Loeys-Dietz syndrome 1 (LDS1; MIM 609192) and 2 (LDS2; MIM 610168) are caused by mutations in the TGFBR1 and TGFBR2 genes respectively. The reported phenotype is highly variable and overlaps considerably with Ehlers-Danlos syndrome IV (EDS IV; MIM 130050) or Marfan syndrome (MFS; MIM 154700). A high percentage of patients have aortic root aneurysm or other arterial aneurysms. Some have cardiac abnormalities including patent ductus or atrial septal defects. Many display arterial tortuosity. Skeletal defects may include hypertelorism, pectus defects, joint laxity, craniosynostosis, arachnodactyly, scoliosis, talipes equinovarus, camptodactyly and malar hypoplasia. Some have dural ectasia. Additional features may include uterine, spleen or bowel rupture, thin, translucent, hyperextensible or velvety skin with atrophic scars and easy bruising. Blue sclera and a bifid uvula have also been observed.

Loeys-Dietz syndrome 3 (LDS3; MIM 613795), also known as aneurysms-osteoarthritis syndrome (AOS), is an autosomal dominant disorder caused by mutations in the SMAD3 gene. SMAD3 is an important molecule in the TGFβ pathway. LDS3/AOS is characterized by cardiovascular, joint and skeletal anomalies. Cardiovascular findings include frequent aneurysms or dissections of the thoracic and abdominal aortas, as well as the carotid, basilar ophthalmic, coronary, iliac, superior mesenteric, vertebral, pulmonary and splenic arteries. Arterial tortuosity of the thoracic, abdominal and cerebral arteries may also be present. Other findings may include mitral valve abnormalities, atrial fibrillation, and left ventricular hypertrophy. Painful joints, early onset osteoarthritis, intervertebral disc degeneration, irregularly shaped vertebral bodies, spondylysis and/or spondylolisthesis, non-traumatic osteochondritis dissecans and meniscal lesions are common. In one study, joint complaints represented the primary presenting symptoms. The most common skeletal findings include pes planus, scoliosis, pectus carinatum or excavatum, long slender fingers and protrusion acetabulae. Abnormal palate and uvula, velvety skin, striae, varices, umbilical hernia, inguinal hernia and easy bruising are also frequent. SMAD3 mutations are estimated to be responsible for about 2% of LDS3/AOS cases. Penetrance is considered to be almost 100% but expression is variable.

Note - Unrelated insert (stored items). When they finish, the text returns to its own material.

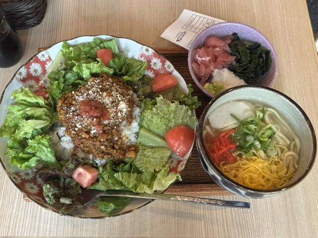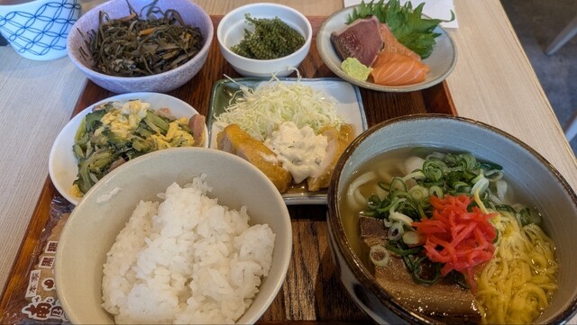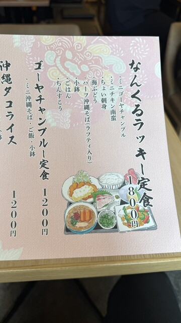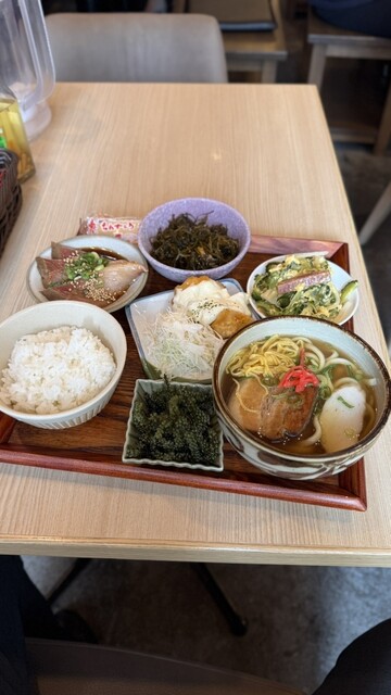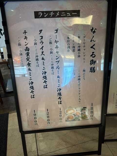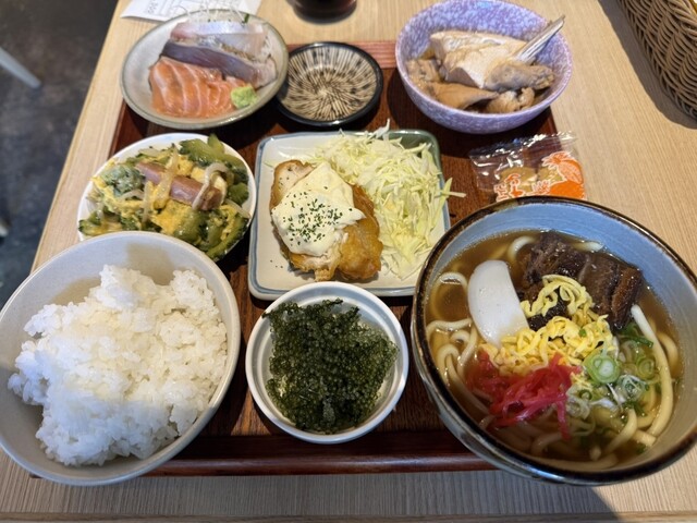 2025年9月11日(木)AM12時訪問 なんくる御膳1,880円注文 沖縄そばやゴーヤチャンプル、刺身、チキン南蛮、海ぶどう等少量ずつですがお腹いっぱいになりました。スープが美味しいと更に評価ア...
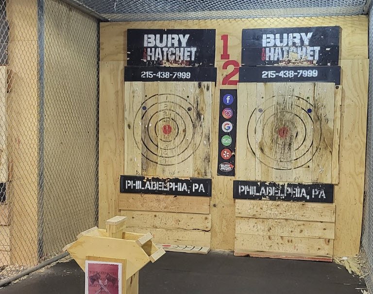 Bury The Hatchet Axe Throwing in Philadelphia, Pennsylvania, was an indoor recreation center located at 1719 Washington Avenue on the second floor, where participants could enjoy safe and supervised axe throwing sessions.
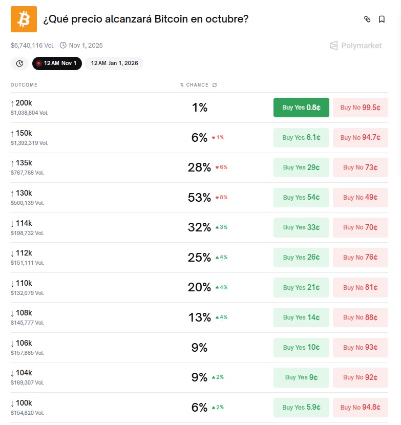En tanto, el nivel de los USD 135.000 este mismo mes cotiza en Polymarket con una probabilidad del 28%, según los apostadores de Polymarket. Asimismo, la estimación de USD 150.000 tiene apenas una probabilidad del 6% y la de USD 200.000, un 1%.
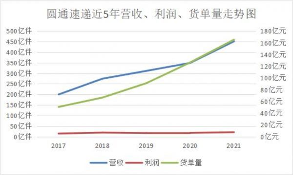 圆通速递近5年(2017-2021)财报显示,其营收分别为199.82亿元、274.65亿元、311.51亿元、349.07亿元、451.55亿元;货单量为50.64亿件、66.64亿件、91.15亿件、126.48亿件、165.43亿件;净利润为14.43亿元、19.04亿元、16.7亿元、17.7亿元、20.92亿元。
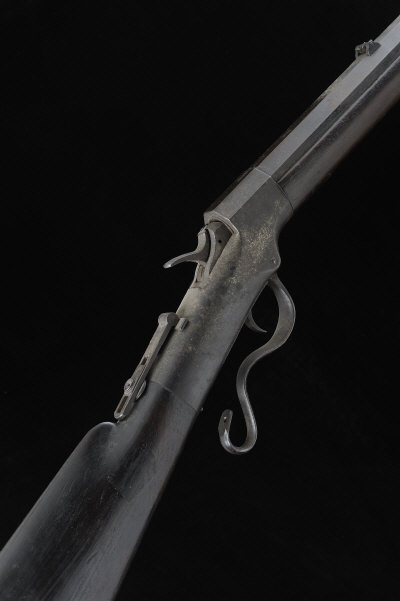 30-inch octagonal barrel, fore sight missing, rear sight broken, the rounded frame with underlever and central hammer with folding aperture rear sight, 13 1/2-inch stock with steel crescent butt plate, 10lb., worn overall

Loeys-Dietz Syndrome 4 (LDS4; MIM 614816), also known as aneurysm, aortic and cerebral with arterial tortuosity and skeletal manifestations, is an autosomal dominant disorder caused by mutations in the TGFB2 gene.  This gene encodes transforming growth factor, beta 2.  The described vascular features include aortic aneurysms and dissections, aortic root dilation, bicuspid aortic valve, intracranial aneurysms and subarachnoid hemorrhage and arterial tortuosity.  Additional findings may include hypertelorism, bifid uvula, high arched palate, pectus deformity, arachnodactyly, scoliosis, flat or clubbed feet, thin skin with easy bruising and striae, and joint hyperflexibility.  These features overlap with Marfan syndrome but individual patients do not meet diagnostic Marfan syndrome criteria.  Ectopia lentis has not been detected in patients to date. 

 Loeys-Dietz Syndrome 5 (LDS5; MIM 615582) is caused by mutations in the TGFB3 gene. LDS5 overlaps clinically with Shprintzen-Goldberg and Marfan syndromes. The cardiovascular phenotype includes thoracic and/or abdominal aortic aneurysm and dissection, and mitral valve disease. Other common findings include cleft palate, bifid uvula, cervical spine instability, club foot, scoliosis, and skeletal overgrowth. 

Panel genes are also offered as individual sequencing and deletion/duplication tests, unless otherwise indicated.